▸ **Source data**
▼▼▼

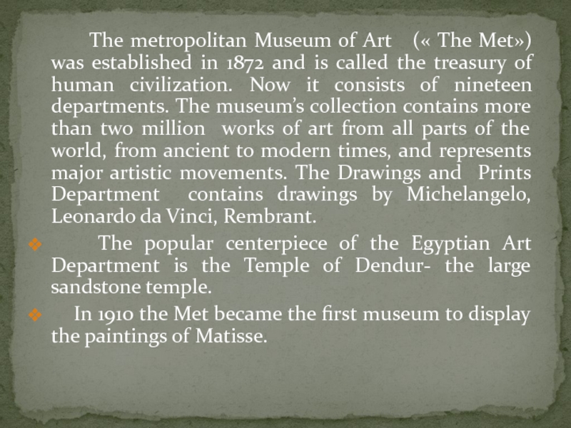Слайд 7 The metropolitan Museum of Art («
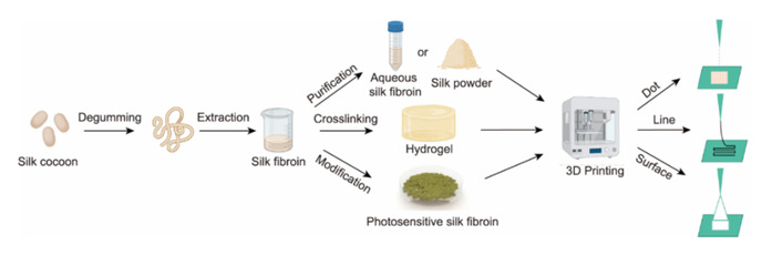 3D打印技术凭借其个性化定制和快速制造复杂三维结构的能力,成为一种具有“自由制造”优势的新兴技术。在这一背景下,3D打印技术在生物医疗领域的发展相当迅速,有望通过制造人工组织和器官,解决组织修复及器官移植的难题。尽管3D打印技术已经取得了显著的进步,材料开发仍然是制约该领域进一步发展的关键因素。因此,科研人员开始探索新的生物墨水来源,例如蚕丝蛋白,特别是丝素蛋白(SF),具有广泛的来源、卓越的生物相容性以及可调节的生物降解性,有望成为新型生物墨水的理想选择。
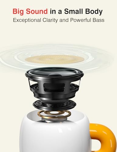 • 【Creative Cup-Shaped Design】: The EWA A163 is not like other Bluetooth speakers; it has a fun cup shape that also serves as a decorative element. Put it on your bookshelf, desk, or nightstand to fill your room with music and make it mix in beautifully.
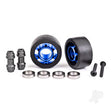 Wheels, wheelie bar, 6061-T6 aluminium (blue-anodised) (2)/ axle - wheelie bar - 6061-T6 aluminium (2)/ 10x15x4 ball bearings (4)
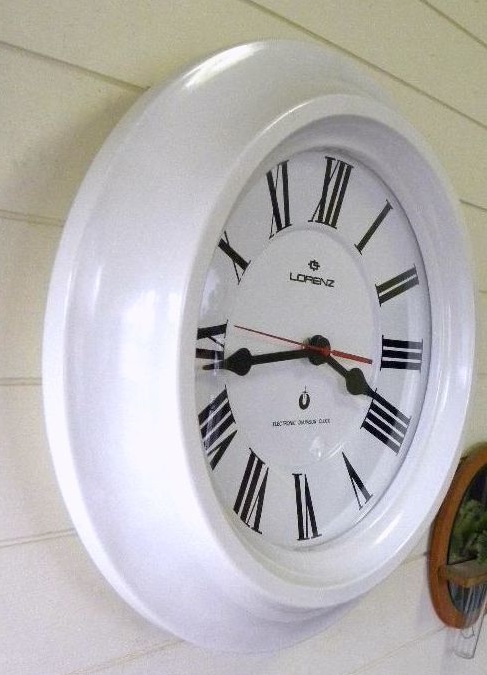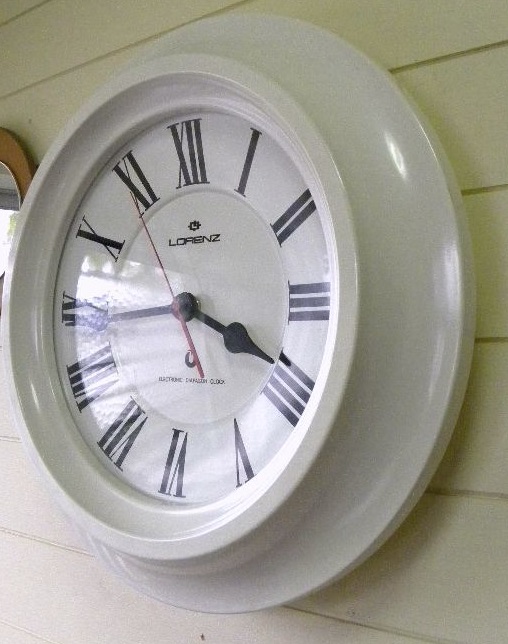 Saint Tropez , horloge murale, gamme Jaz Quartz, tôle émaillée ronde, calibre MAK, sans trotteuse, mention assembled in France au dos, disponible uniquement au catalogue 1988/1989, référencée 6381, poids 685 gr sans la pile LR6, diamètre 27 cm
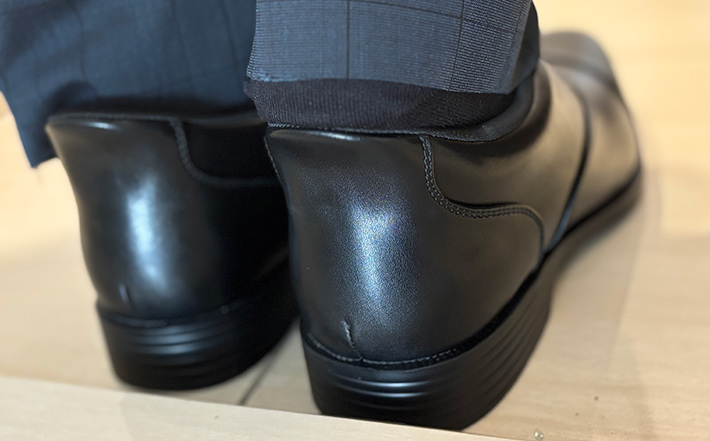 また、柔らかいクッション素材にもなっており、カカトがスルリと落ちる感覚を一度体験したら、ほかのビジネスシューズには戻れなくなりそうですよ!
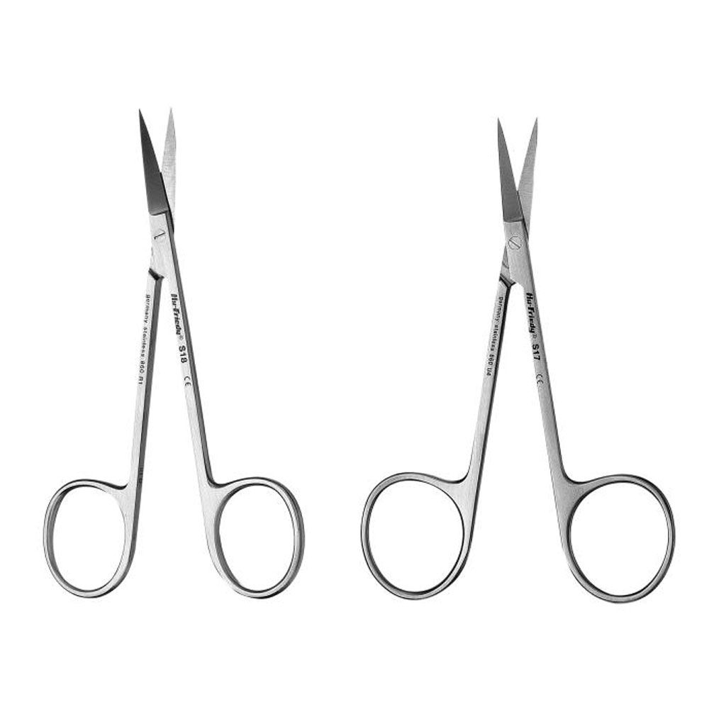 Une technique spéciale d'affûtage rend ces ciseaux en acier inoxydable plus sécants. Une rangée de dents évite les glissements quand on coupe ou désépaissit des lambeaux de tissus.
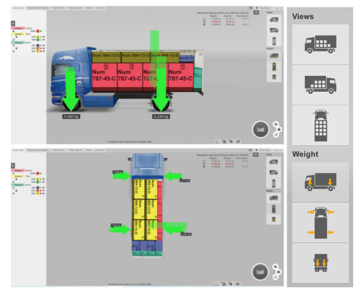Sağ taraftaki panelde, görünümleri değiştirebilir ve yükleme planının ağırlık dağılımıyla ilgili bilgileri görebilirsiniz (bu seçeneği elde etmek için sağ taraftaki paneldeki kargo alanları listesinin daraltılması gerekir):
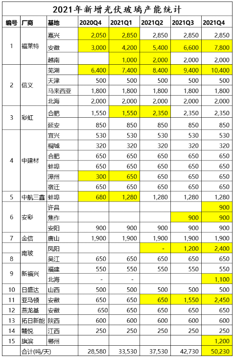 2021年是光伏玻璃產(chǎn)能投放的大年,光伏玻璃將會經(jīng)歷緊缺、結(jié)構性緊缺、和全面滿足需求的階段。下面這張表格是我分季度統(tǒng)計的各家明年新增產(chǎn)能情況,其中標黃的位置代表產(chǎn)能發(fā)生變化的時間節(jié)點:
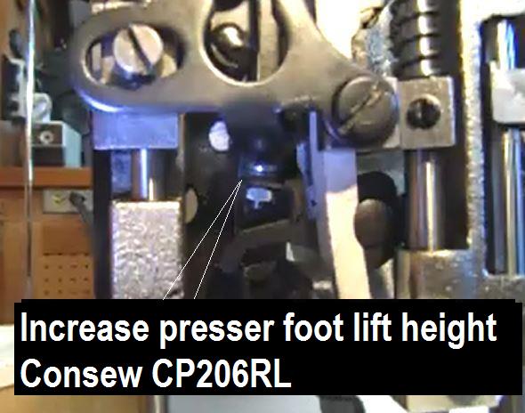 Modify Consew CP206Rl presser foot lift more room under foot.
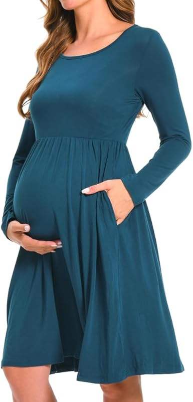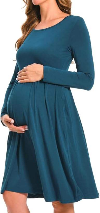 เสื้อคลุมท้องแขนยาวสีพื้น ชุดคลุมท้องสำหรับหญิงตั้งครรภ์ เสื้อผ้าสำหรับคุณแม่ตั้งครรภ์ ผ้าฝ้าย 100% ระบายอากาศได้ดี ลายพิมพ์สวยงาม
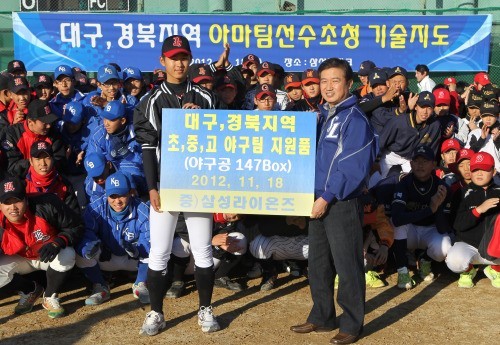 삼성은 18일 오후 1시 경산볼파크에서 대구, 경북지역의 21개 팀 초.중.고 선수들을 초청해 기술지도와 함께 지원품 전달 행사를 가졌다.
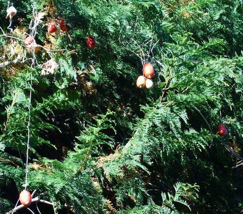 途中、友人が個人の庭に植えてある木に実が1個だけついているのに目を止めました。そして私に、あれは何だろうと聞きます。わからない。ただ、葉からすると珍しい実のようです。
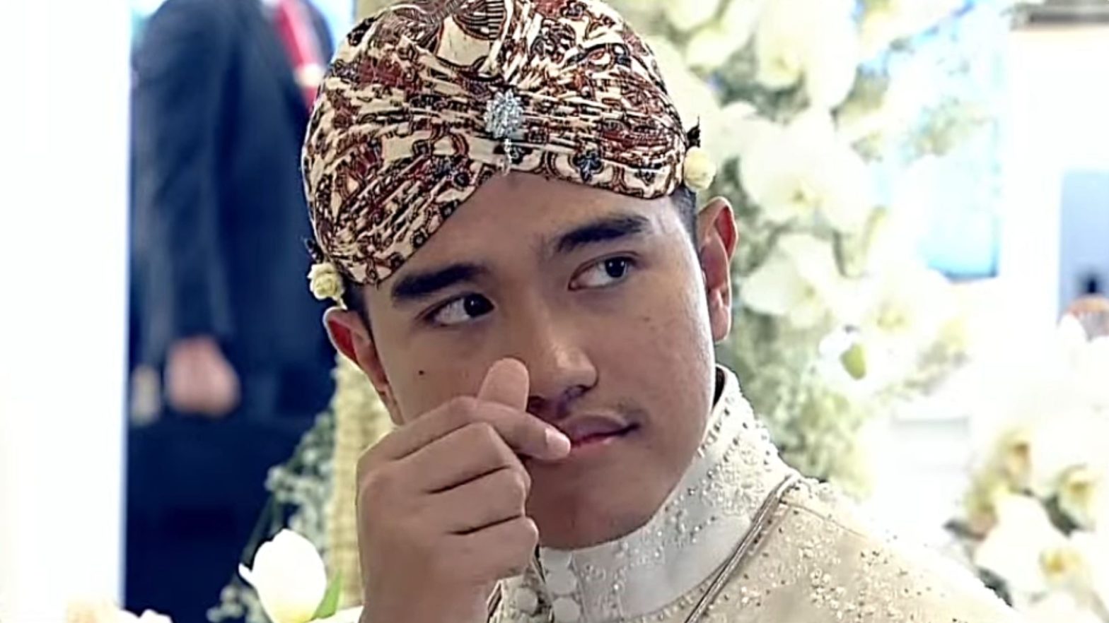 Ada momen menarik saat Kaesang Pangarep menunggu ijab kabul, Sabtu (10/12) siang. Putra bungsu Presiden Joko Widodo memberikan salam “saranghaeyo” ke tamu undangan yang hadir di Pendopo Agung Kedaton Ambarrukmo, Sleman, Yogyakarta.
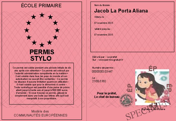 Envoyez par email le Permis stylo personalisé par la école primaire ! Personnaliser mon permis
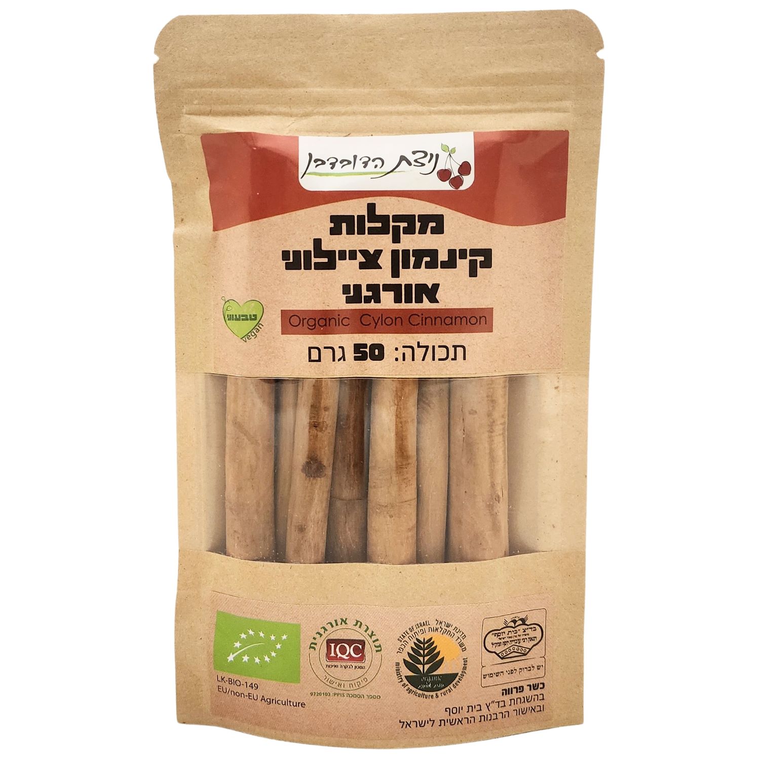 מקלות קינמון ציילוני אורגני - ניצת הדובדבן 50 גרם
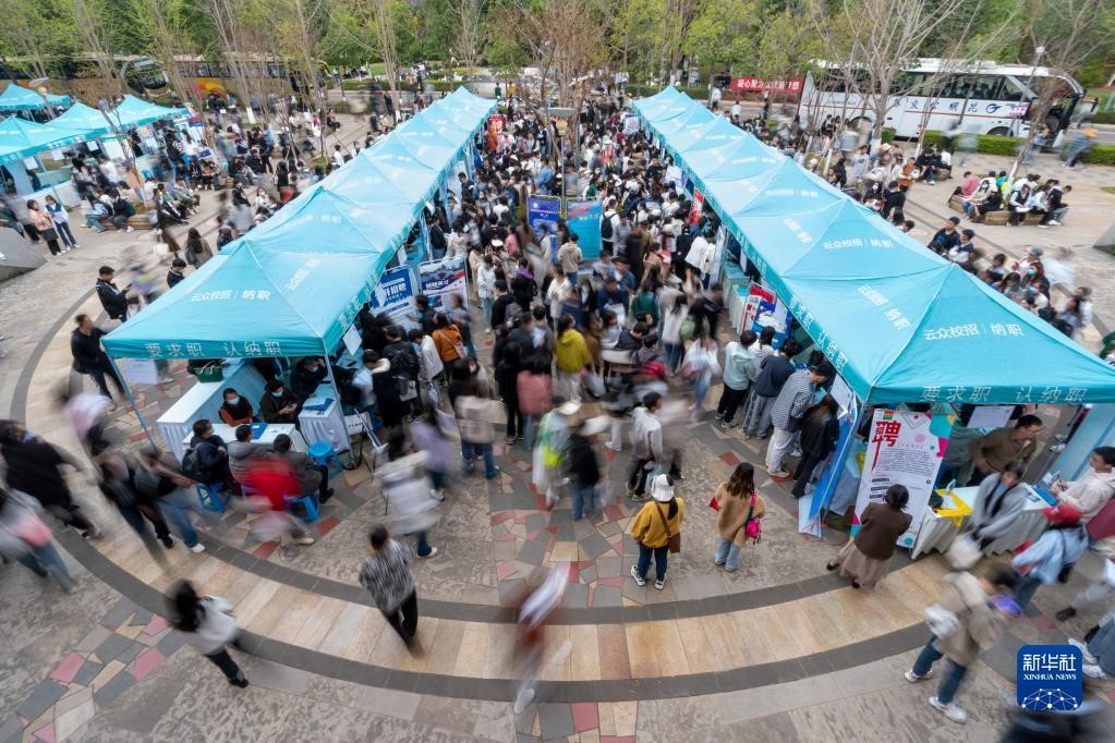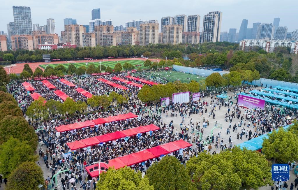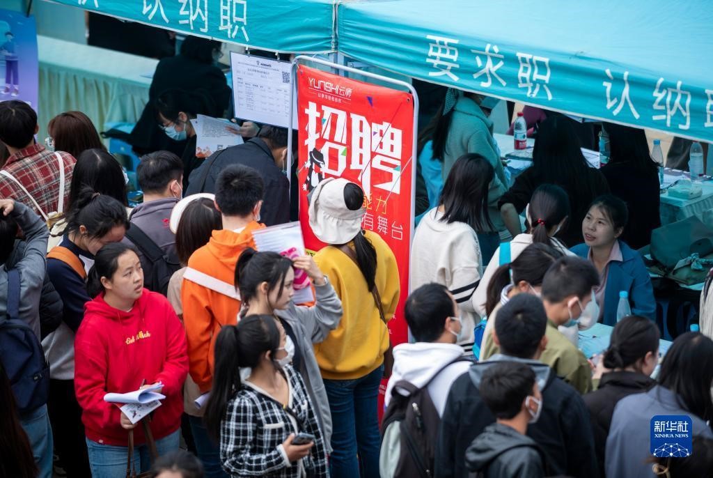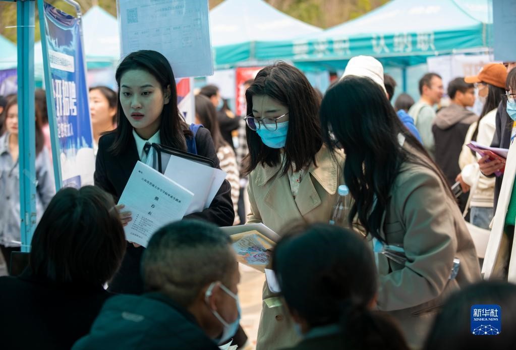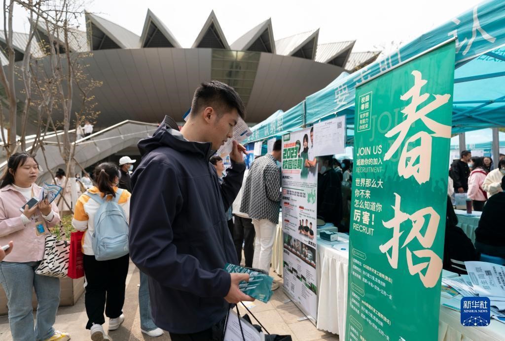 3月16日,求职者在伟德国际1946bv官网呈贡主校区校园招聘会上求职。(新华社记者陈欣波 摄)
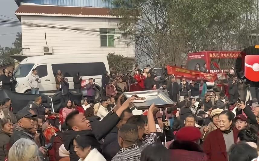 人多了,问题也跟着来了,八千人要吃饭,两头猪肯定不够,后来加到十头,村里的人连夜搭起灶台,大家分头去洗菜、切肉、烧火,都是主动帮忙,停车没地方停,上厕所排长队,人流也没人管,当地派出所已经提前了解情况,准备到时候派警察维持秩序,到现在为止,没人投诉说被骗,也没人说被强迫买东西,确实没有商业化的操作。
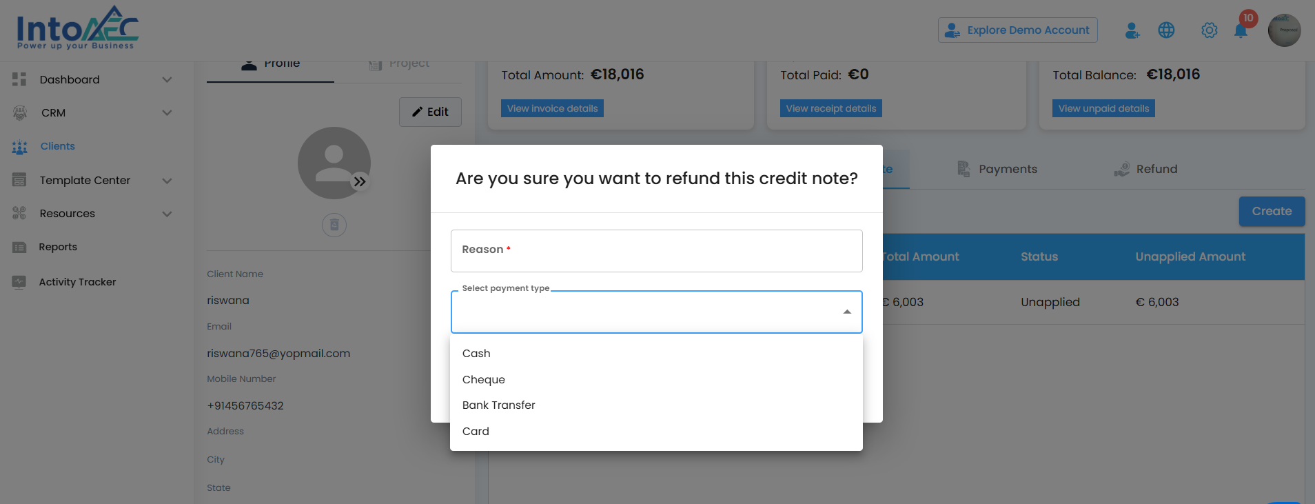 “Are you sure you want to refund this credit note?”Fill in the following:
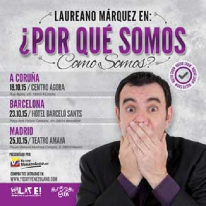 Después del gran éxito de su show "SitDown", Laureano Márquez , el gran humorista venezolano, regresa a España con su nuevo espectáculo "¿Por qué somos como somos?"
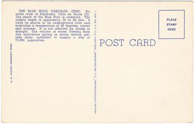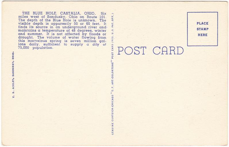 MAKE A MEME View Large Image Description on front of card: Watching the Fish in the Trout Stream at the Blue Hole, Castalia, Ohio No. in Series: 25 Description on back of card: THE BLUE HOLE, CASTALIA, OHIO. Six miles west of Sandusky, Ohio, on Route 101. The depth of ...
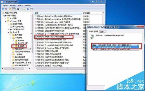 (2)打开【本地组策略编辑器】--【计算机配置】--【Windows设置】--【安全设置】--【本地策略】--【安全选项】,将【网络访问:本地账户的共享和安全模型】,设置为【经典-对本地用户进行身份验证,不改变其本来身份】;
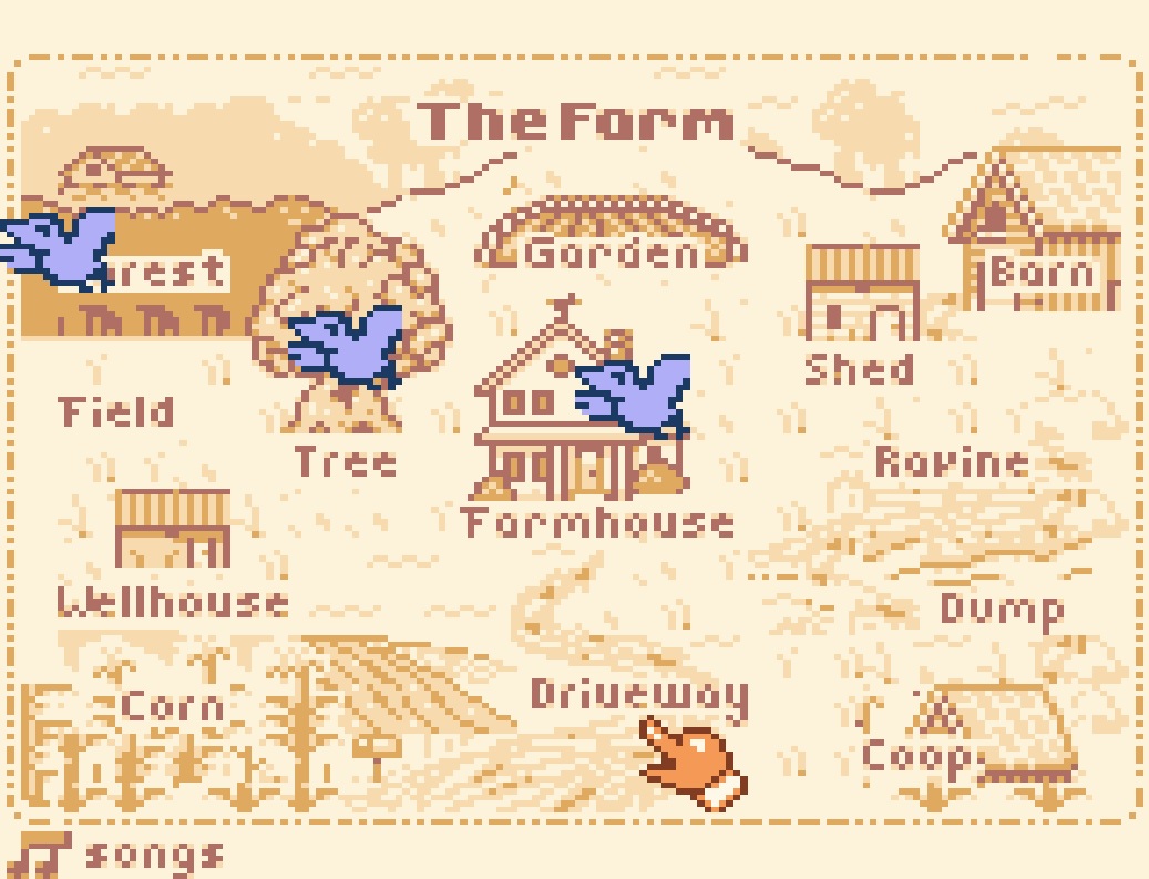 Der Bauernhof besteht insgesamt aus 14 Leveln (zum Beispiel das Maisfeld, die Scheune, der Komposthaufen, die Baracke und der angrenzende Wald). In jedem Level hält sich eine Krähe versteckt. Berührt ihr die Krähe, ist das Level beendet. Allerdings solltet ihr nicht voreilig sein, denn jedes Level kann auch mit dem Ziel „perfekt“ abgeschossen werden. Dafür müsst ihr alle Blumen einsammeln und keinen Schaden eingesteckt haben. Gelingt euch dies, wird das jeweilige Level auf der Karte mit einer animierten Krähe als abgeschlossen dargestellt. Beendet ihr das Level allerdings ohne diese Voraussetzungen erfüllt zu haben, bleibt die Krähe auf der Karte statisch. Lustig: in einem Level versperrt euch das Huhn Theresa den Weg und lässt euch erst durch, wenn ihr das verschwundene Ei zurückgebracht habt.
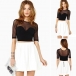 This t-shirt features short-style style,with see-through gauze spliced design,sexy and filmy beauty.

▲▲▲

Copy only the lines above from the one containing "Modify Consew CP206Rl" through the one containing "Envoyez par email", both included. Leave out the pictures.

 Modify Consew CP206Rl presser foot lift more room under foot.
 เสื้อคลุมท้องแขนยาวสีพื้น ชุดคลุมท้องสำหรับหญิงตั้งครรภ์ เสื้อผ้าสำหรับคุณแม่ตั้งครรภ์ ผ้าฝ้าย 100% ระบายอากาศได้ดี ลายพิมพ์สวยงาม
 삼성은 18일 오후 1시 경산볼파크에서 대구, 경북지역의 21개 팀 초.중.고 선수들을 초청해 기술지도와 함께 지원품 전달 행사를 가졌다.
 途中、友人が個人の庭に植えてある木に実が1個だけついているのに目を止めました。そして私に、あれは何だろうと聞きます。わからない。ただ、葉からすると珍しい実のようです。
 Ada momen menarik saat Kaesang Pangarep menunggu ijab kabul, Sabtu (10/12) siang. Putra bungsu Presiden Joko Widodo memberikan salam “saranghaeyo” ke tamu undangan yang hadir di Pendopo Agung Kedaton Ambarrukmo, Sleman, Yogyakarta.
 Envoyez par email le Permis stylo personalisé par la école primaire ! Personnaliser mon permis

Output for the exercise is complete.